Submitted to: Microbiological Research
Publication Type: Peer Reviewed Journal
Publication Acceptance Date: 8/31/2015
Publication Date: 1/16/2016
Citation: Gilbert, M.K., Mack, B.M., Wei, Q., Bland, J.M., Bhatnagar, D., Cary, J.W. 2016. RNA sequencing of an nsdC mutant reveals global regulation of secondary metabolic gene clusters in Aspergillus flavus. Microbiological Research. 182:150-161.
Interpretive Summary: The filamentous fungi Aspergillus flavus has the potential to infect and contaminate several crops, including corn, peanuts and cotton. Once infection occurs the fungus releases several toxins that pose a major health threat to plant and animal consumers of the crop. Identifying and characterizing the genes responsible for producing these toxins, and other secondary metabolites, remains a priority. One such gene, nsdC, has been shown to be vital for the production of the most carcinogenic and abundant of the toxins, aflatoxin. It is also has a role in the development of sexual and asexual reproductive structures. Here we conducted RNA-sequencing analysis on an nsdC knockout mutant and analyze its influence on the transcription of secondary metabolites. We show that nsdC maintains its importance for aflatoxin production in the high aflatoxin producing strain Af70. We also identify the primary targets of nsdC to be metabolic enzymes. We demonstrate that nsdC is necessary for the production of a number of other metabolites, including penicillin and aflatrem at the gene level. We show experimentally that aflatrem production is decreased in the knockout mutant. This work provides new working knowledge of what is clearly a globally acting transcription factor and essential regulator in both sexual/asexual development and secondary metabolism.
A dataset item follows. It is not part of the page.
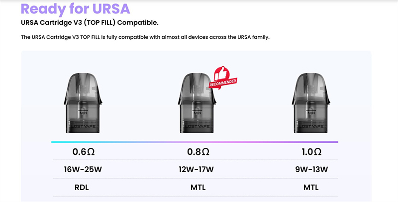 Adopts Ursa Cartridge V3 Top Fill 2.5ml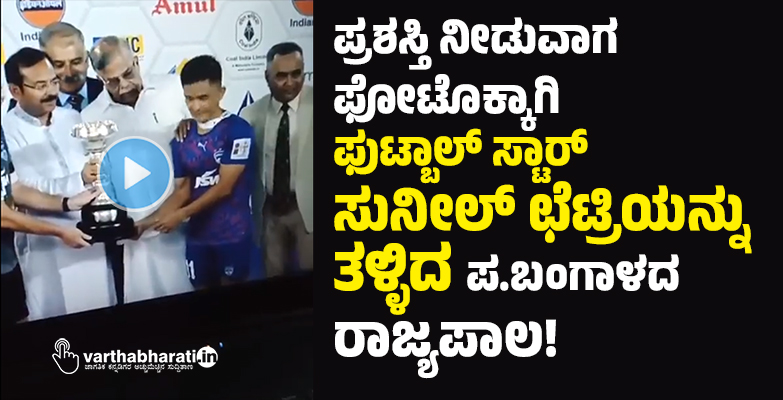 ಪ್ರಶಸ್ತಿ ನೀಡುವಾಗ ಫೋಟೊಕ್ಕಾಗಿ ಫುಟ್ಬಾಲ್ ಸ್ಟಾರ್ ಸುನೀಲ್ ಛೆಟ್ರಿಯನ್ನು ತಳ್ಳಿದ ಪ.ಬಂಗಾಳದ ರಾಜ್ಯಪಾಲ!

Technical Abstract: The zinc finger transcription factor nsdC is required for both sexual development and aflatoxin production in the saprophytic fungus Aspergillus flavus. While previous work with an nsdC knockout mutant was conducted in Aspergillus nidulans and A. flavus strain 3357, here we demonstrate perturbations in conidiophore development, sclerotial development and a decrease in aflatoxin production in A. flavus strain Af70, a high producer of aflatoxin. We conducted RNA sequencing analysis of the knockout mutant and demonstrate that many genes under regulation by nsdC are related to secondary metabolic clusters, including aflatoxin, penicillin and aflatrem. Further, HPLC analyses demonstrated a decrease in aflatrem levels. Using SMURF analysis combined with RNA sequencing data we illustrate the discovery of a novel metabolic cluster present in Af70 that is not present in strain 3357 that is also regulated by nsdC. Taken together this data identifies nsdC as a globally acting transcription factor that is an essential regulator of both sexual/asexual reproduction and secondary metabolic clusters.